About this exercise ::
Copy the records below exactly, starting at the line that contains "Add the bottom" and ending at the line that contains "羊毛50%+人造絲 不掉毛 壓釦穿脫"; leave out any pictures.

Provided records ::
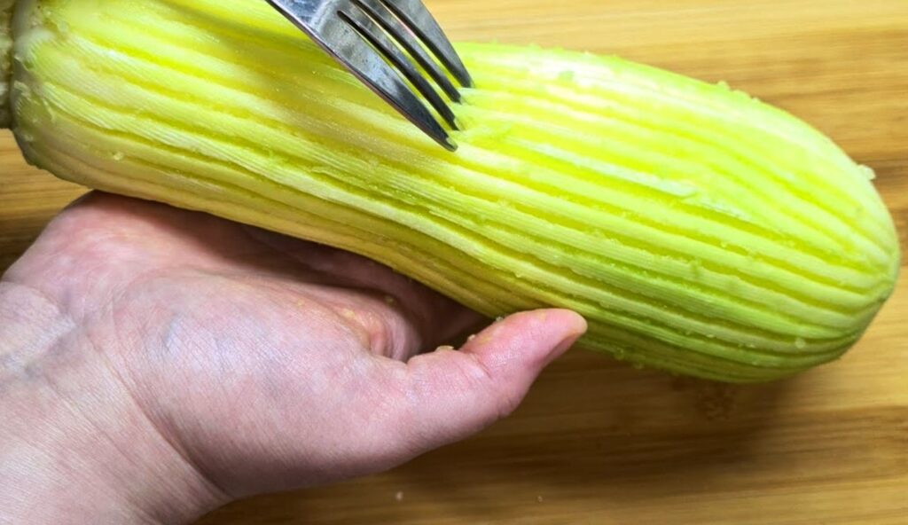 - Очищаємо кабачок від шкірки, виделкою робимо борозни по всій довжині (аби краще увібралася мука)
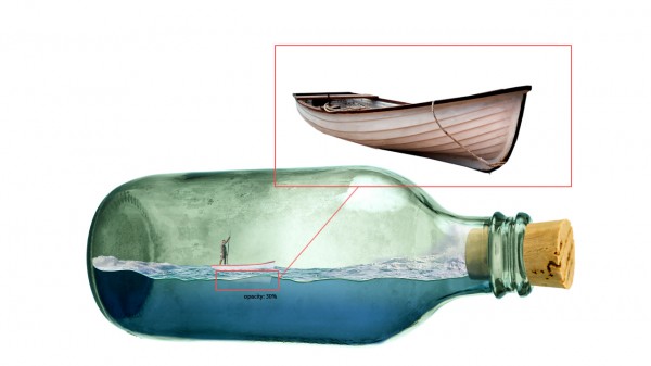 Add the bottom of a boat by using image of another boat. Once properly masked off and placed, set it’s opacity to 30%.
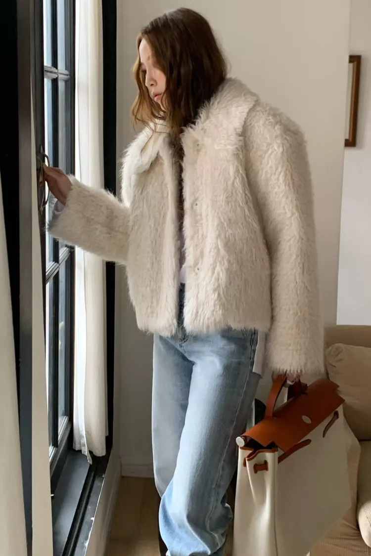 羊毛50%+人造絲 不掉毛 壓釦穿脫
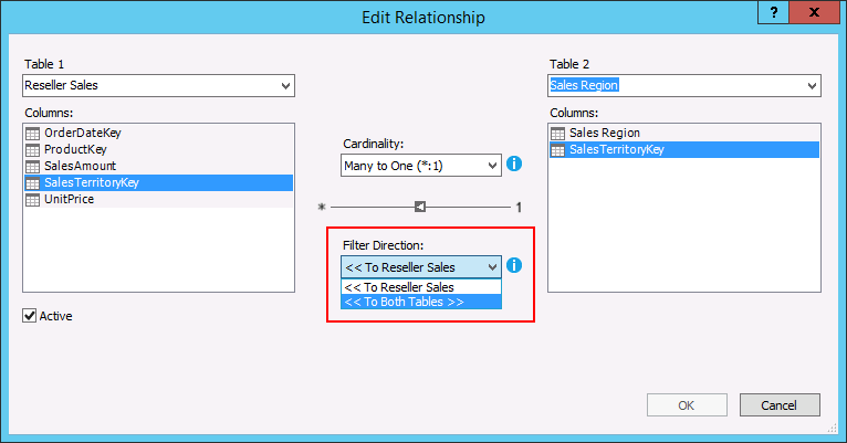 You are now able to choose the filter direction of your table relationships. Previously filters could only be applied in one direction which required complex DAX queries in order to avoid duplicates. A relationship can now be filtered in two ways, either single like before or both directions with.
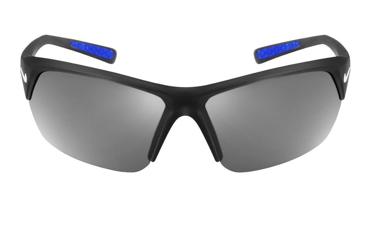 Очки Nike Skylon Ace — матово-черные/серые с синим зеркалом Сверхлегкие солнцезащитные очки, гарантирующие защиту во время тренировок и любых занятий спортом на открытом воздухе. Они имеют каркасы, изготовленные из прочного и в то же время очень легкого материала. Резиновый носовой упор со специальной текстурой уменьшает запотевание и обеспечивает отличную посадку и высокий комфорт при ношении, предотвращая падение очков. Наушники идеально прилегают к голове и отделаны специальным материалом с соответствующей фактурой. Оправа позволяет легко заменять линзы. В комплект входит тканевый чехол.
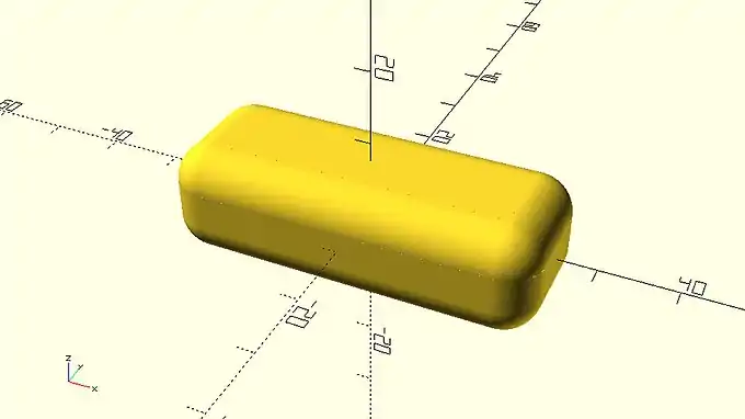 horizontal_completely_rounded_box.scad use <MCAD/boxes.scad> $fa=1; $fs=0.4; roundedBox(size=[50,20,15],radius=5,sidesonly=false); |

...

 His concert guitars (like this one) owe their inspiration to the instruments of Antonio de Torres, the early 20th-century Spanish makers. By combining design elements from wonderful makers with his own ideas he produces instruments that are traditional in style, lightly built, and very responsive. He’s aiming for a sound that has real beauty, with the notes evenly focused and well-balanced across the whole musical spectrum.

Result below ::
 Add the bottom of a boat by using image of another boat. Once properly masked off and placed, set it’s opacity to 30%.
 羊毛50%+人造絲 不掉毛 壓釦穿脫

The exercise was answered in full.